Sunday, October 25, 2009

Emotion

....
Today makes it a month since Baby and I broke up. And I am on my period. The one of many many many months that i was sure I was going to get my period, u know...cuz im not getting any now

It's Sunday so let me begin from Thursday.

I got reeeally drunk. Had a good time at the pub. Met this guy had been eyeying for about two weeks... No chemistry. He was telling me about the British Army. And then he asked why I didnt sit for long (to talk to him) ...I was all over the place me and my drunkedness. And what was his name? I think Richard or Remmy or Ricky.., I told him my name was Tipsy.

So after being abandoned to ride on a piki piki in my drunken state, mscheeeeew, I fika my place... Bump into crazy M as i was trying to climb the stairs.
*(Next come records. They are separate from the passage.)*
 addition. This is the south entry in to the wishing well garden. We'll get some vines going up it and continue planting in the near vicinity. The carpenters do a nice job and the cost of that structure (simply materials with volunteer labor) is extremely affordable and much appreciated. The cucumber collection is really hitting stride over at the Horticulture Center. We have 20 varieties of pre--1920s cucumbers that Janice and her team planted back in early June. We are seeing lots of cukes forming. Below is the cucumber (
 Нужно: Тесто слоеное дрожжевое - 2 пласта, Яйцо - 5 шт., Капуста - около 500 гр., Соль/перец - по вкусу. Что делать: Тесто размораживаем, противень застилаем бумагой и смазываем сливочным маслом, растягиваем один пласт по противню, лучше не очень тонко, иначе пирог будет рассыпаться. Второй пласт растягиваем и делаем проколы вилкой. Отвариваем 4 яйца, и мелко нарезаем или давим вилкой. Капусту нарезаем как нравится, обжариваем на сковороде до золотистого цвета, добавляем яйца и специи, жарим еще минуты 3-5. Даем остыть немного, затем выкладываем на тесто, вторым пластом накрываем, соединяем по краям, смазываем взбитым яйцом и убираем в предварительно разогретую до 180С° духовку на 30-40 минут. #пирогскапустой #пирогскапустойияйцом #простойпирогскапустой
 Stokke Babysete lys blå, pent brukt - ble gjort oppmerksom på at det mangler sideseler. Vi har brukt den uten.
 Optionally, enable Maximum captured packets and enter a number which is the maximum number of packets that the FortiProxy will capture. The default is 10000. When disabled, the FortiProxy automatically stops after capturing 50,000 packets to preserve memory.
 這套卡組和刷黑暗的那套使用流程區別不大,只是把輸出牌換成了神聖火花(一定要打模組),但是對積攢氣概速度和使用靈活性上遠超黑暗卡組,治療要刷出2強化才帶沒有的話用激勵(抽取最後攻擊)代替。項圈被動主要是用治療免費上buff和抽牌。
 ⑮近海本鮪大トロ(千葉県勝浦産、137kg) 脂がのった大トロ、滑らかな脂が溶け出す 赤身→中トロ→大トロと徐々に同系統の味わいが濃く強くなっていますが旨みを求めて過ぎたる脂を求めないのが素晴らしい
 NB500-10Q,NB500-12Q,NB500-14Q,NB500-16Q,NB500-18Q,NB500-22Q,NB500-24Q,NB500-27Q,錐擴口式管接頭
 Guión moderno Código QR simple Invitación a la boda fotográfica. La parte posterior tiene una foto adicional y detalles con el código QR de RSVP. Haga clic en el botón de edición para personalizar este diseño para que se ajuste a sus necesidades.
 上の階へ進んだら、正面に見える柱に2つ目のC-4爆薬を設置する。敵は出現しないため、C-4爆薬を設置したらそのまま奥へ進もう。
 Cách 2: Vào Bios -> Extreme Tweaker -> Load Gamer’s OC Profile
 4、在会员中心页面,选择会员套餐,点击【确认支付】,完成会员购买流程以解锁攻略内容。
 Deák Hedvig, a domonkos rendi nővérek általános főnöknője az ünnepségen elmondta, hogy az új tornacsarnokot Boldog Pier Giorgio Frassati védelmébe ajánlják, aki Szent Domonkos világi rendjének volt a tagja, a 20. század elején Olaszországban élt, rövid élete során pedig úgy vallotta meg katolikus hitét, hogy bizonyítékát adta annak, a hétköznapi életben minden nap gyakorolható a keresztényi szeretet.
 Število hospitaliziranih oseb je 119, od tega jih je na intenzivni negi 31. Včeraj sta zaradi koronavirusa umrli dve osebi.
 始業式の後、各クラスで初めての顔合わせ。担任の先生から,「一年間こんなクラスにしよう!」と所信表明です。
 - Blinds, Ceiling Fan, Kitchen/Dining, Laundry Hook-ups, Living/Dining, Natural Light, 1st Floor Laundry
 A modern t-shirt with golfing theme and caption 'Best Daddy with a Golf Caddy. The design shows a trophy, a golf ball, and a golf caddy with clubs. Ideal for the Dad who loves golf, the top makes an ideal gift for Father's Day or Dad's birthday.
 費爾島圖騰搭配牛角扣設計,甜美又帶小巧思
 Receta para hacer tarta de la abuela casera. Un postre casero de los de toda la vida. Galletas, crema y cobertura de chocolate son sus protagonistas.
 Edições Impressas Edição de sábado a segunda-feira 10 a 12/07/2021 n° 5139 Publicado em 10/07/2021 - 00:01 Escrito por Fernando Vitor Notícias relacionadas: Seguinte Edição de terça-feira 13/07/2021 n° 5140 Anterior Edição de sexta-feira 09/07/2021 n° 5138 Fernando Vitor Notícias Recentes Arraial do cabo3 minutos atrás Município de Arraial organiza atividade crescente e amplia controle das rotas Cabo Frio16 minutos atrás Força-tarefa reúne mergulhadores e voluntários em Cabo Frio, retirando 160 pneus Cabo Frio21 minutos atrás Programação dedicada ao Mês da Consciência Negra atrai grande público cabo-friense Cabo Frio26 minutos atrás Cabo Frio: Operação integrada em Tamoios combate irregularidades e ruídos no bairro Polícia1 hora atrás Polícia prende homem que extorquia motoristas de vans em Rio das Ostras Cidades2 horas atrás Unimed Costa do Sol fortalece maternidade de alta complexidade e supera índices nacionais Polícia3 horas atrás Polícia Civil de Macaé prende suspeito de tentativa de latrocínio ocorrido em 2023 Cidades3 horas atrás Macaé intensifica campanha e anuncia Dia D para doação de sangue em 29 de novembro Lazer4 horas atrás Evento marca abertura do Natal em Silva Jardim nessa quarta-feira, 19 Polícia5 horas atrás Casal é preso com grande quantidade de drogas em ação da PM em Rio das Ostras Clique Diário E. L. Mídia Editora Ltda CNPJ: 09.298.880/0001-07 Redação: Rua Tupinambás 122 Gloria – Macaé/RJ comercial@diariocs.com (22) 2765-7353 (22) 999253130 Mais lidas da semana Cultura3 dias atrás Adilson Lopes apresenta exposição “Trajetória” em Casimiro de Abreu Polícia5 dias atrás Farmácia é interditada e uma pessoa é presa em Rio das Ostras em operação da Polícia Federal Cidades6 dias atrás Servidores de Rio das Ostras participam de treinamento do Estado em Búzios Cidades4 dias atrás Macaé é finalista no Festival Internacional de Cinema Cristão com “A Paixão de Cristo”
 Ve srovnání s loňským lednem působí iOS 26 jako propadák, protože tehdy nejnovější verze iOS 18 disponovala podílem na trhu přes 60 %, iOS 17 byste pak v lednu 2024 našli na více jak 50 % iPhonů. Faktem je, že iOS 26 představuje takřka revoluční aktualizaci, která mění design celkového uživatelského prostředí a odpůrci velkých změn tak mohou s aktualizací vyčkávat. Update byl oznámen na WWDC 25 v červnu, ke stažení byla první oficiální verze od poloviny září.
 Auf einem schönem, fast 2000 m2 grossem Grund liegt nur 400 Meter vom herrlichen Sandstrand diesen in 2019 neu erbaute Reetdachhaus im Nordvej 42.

We laugh at how drnk I am hahaha, she takes me home... i fall!! like lterally fall as i am entering the house... ouch my thigh. we laaaugh. she chills bit.. then she goes. and then silence.
I am so drunk and so lonely. I start to wish that i could google single man for hire... FOR A RELAIONSHIP SILLY!
I dose off on the sofa

BEYONCE'S SWEET DREAMS IS LOUD IN MY BRAIN!
oh crap my phone! i cant even see my bag! where the fuck is my phone ringing from!!!!!!! I stand in the middle of my living room and listen. the phone is ringing from outside. ???? okay. so i open the door. my bag is outside.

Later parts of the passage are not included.